There was another spark, and Eliyr jolted backwards. He fell to a heap on the ground, gasping. He rolled over and expelled the contents of his stomach.
Kadaki braced herself. The magic continued filling her, drowning her.
Except she wasn’t drowning. She was swimming. She was in control.
The magic didn’t overwhelm her. The power flowing into her body was hers. For the first time in years, she didn’t feel weak—she felt strong.
A strange calm filled her in the midst of the pain and fire and sparks. She slowed the flow of the conduit’s magic, then sealed it off. She slowly pulled her hand away from the obelisk, and the magic in the air became tranquil again.
She looked down at her hand, watching particles of magic dance over her fingers. A thrill went through her when she twitched her fingers and the particles moved like extensions of her own body, obeying her will the way they were supposed to, the way they hadn’t done in far too long.
She glanced down at Eliyr, who was staring at her. He swallowed hard.

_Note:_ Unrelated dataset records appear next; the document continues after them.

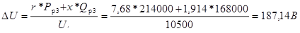 Определение потерь напряжений в линиях. Величина допустимой потери напряжения для всех линий равна 5 % от номинального напряжения сети (500В). Расчет потери напряжения в линиях: В линии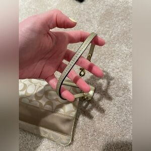 Older style gold and tan oversized wristlet. Has no wear other than the one spot included in the photos. Very cute and matches everything!
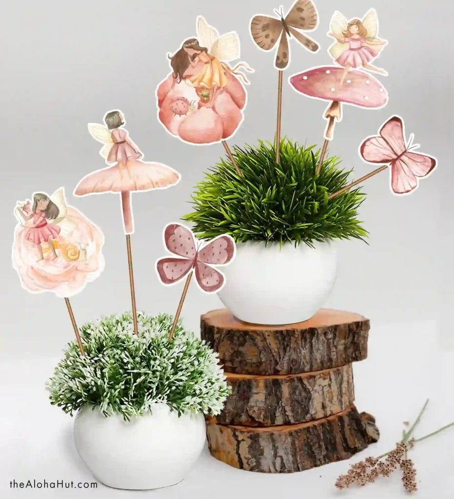 For tables, try using slices of wood, pots of flowers, or printable fairy centerpieces for a quick and lovely setup. These details will make your space look like a tiny enchanted forest.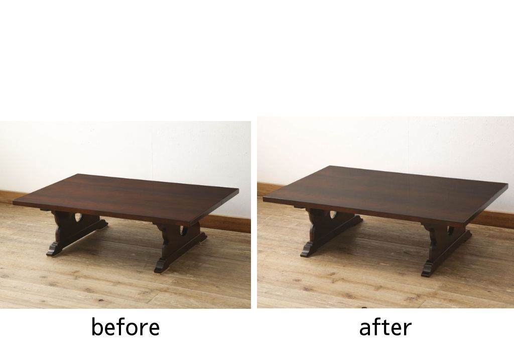 ラフジュ工房> セミオーダー家具実績 > 松本民芸家具の折り畳み式テーブルを変えずに奇麗にリペア!天板の塗装を剥離して輪ジミのできにくい塗料で再塗装。(ローテーブル、ちゃぶ台、文机、センターテーブル、折り畳み)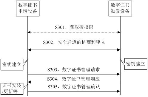 數(shù)字證書頒發(fā)設(shè)備接收所述數(shù)字證書管理請(qǐng)求消息,利用所述安全數(shù)據(jù)通道向數(shù)字證書申請(qǐng)?jiān)O(shè)備發(fā)送數(shù)字證書管理響應(yīng)消息,所述數(shù)字證書申請(qǐng)?jiān)O(shè)備利用所述安全數(shù)據(jù)通道接收所述數(shù)字證書管理響應(yīng)消息,所述數(shù)字證書管理響應(yīng)消息經(jīng)所述數(shù)據(jù)通信密鑰加密處理;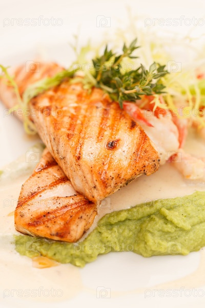 Жареный стейк из лосося с салатом
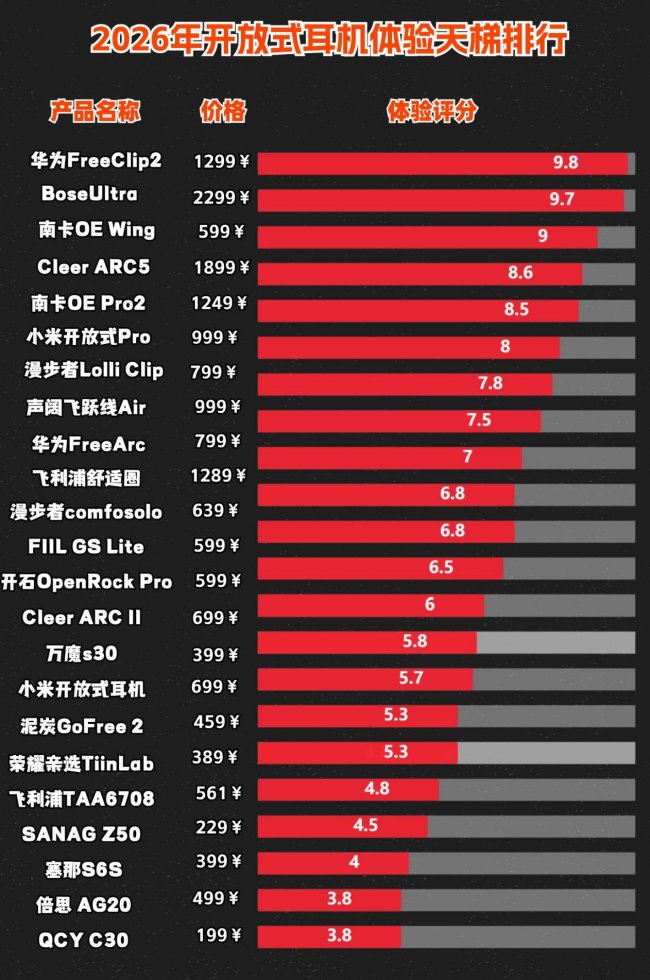 2026 年依旧是开放式耳机全面爆发的一年,不管是主打蓝牙音频的品牌,还是专业 HiFi 厂商,基本都推出了自家的开放式蓝牙耳机。如今的开放式耳机,在音质和漏音控制上都有了明显优化,不少优秀机型甚至能做到媲美封闭式耳机的听感,同时还保留了不入耳的设计,把音质、佩戴舒适度和使用健康性兼顾得很好。对运动爱好者来说,也终于不用再忍受骨传导耳机那种酥麻震感,多了一个更舒服的新选择。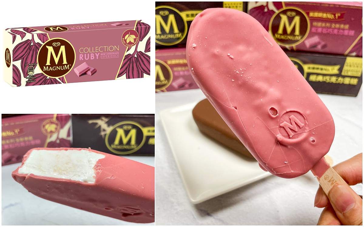 世界首創使用紅寶石可可豆製作雪糕產品,白巧克力冰淇淋內餡,外層搭配酸甜覆盆子果醬,呈現具有質感的粉色系冰品。
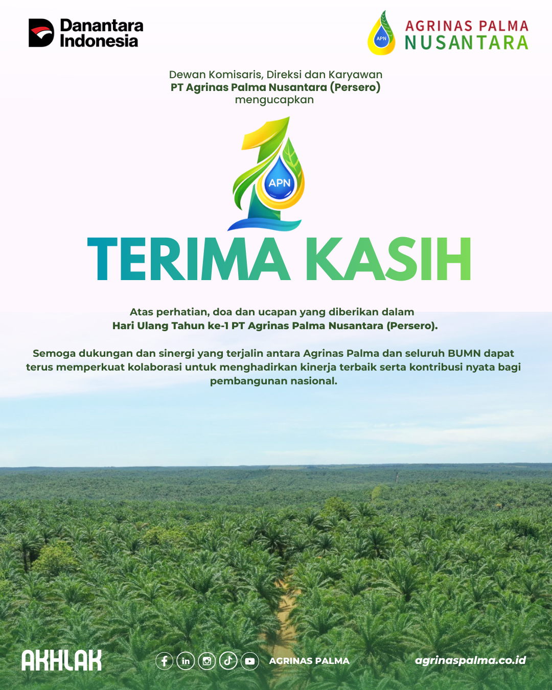 Mengusung semangat “Dalam Ulang Tahun ke-1 ini, Agrinas Palma Nusantara berkomitmen untuk mewujudkan swasembada energi”, Agrinas Palma terus memperkuat transformasi bisnis dan tata kelola perusahaan guna menghadirkan kontribusi nyata bagi kemandirian energi Indonesia.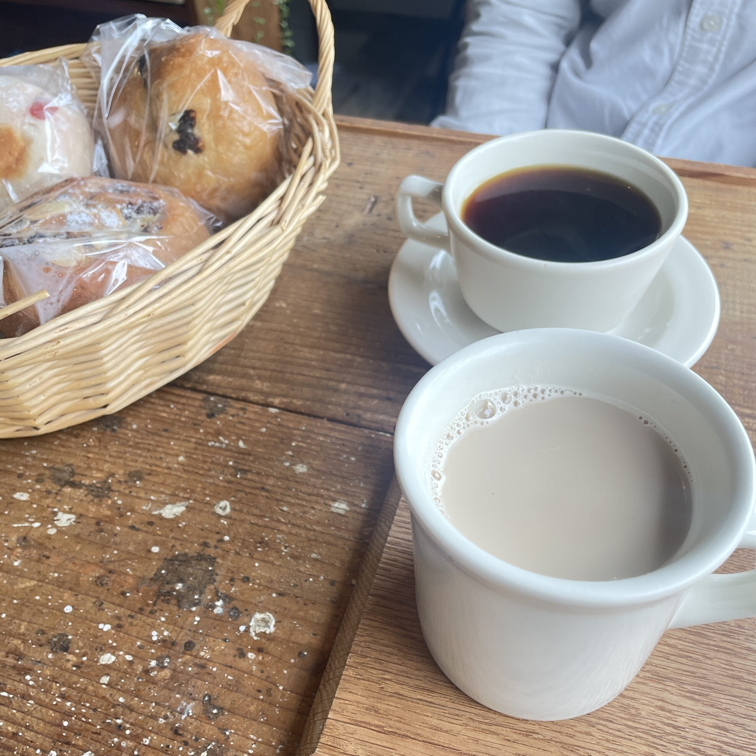 カフェはワンドリンク制で、夫はコーヒー、私はカフェオレを注文しました。

On the other side of the clearing, orange light flickered through clouds of dark smoke. Half the forest was on fire, and the cavern had been transformed into something resembling a demonic plane. Through the smoke and flames, she spotted Neiryn, still lying on the ground as the magic-eater closed in on him. He raised a hand and shot flames toward the beast, only to have them dissolve into smoke. He’d reached the limit of his power. His fear was plain on his face.
As the magic-eater bent toward him, its jaws opening, Kadaki took a sharp breath and raised a hand, the movement quick and controlled. Magic rushed to follow her command, shaping into a spell as it flew across the clearing.
It hit the magic-eater with crushing force. Bones snapped as it shot across the cavern and smashed against the far wall.